Among the entries below, copy only the span from the line containing "Коллекция, посвященная ламелям" through the line containing "Únete a nuestra". Do so exactly, and skip the pictures.

■ Data records ■
__________
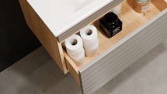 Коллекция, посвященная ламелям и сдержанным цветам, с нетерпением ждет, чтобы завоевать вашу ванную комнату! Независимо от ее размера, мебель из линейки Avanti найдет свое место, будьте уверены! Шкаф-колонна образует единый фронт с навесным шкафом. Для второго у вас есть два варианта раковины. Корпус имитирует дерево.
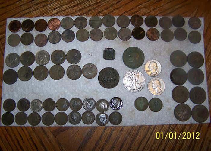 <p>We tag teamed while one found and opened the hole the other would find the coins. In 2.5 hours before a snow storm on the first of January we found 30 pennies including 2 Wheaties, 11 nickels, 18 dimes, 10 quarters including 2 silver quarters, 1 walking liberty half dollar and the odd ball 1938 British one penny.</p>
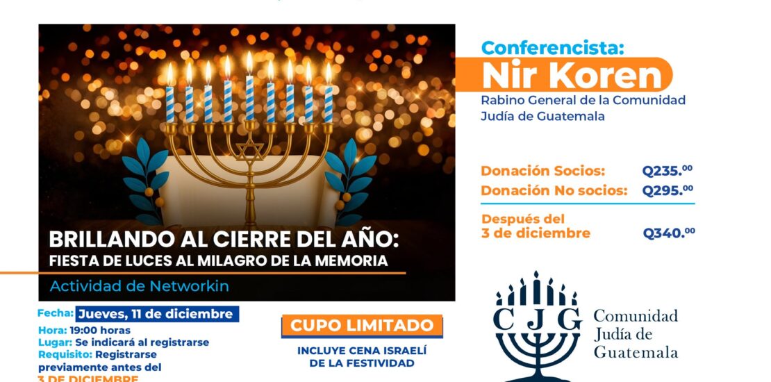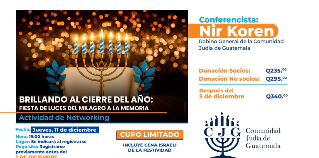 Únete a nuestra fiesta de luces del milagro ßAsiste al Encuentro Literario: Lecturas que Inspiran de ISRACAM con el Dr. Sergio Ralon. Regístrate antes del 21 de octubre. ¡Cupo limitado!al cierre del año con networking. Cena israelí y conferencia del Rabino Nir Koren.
__________
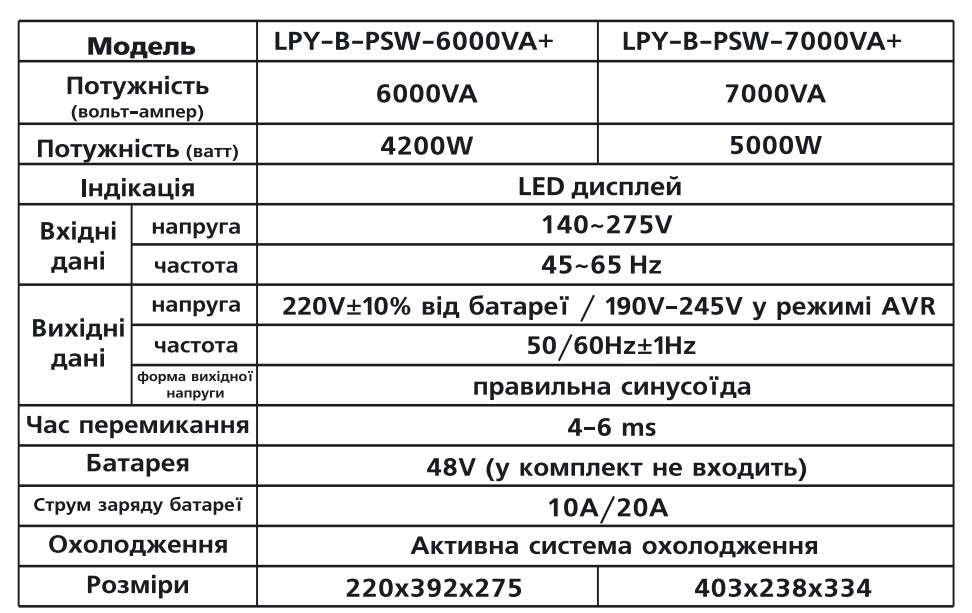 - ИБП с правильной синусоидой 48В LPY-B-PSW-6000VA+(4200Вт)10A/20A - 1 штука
__________
■ Final answer ■
 Коллекция, посвященная ламелям и сдержанным цветам, с нетерпением ждет, чтобы завоевать вашу ванную комнату! Независимо от ее размера, мебель из линейки Avanti найдет свое место, будьте уверены! Шкаф-колонна образует единый фронт с навесным шкафом. Для второго у вас есть два варианта раковины. Корпус имитирует дерево.
 <p>We tag teamed while one found and opened the hole the other would find the coins. In 2.5 hours before a snow storm on the first of January we found 30 pennies including 2 Wheaties, 11 nickels, 18 dimes, 10 quarters including 2 silver quarters, 1 walking liberty half dollar and the odd ball 1938 British one penny.</p>
 Únete a nuestra fiesta de luces del milagro ßAsiste al Encuentro Literario: Lecturas que Inspiran de ISRACAM con el Dr. Sergio Ralon. Regístrate antes del 21 de octubre. ¡Cupo limitado!al cierre del año con networking. Cena israelí y conferencia del Rabino Nir Koren.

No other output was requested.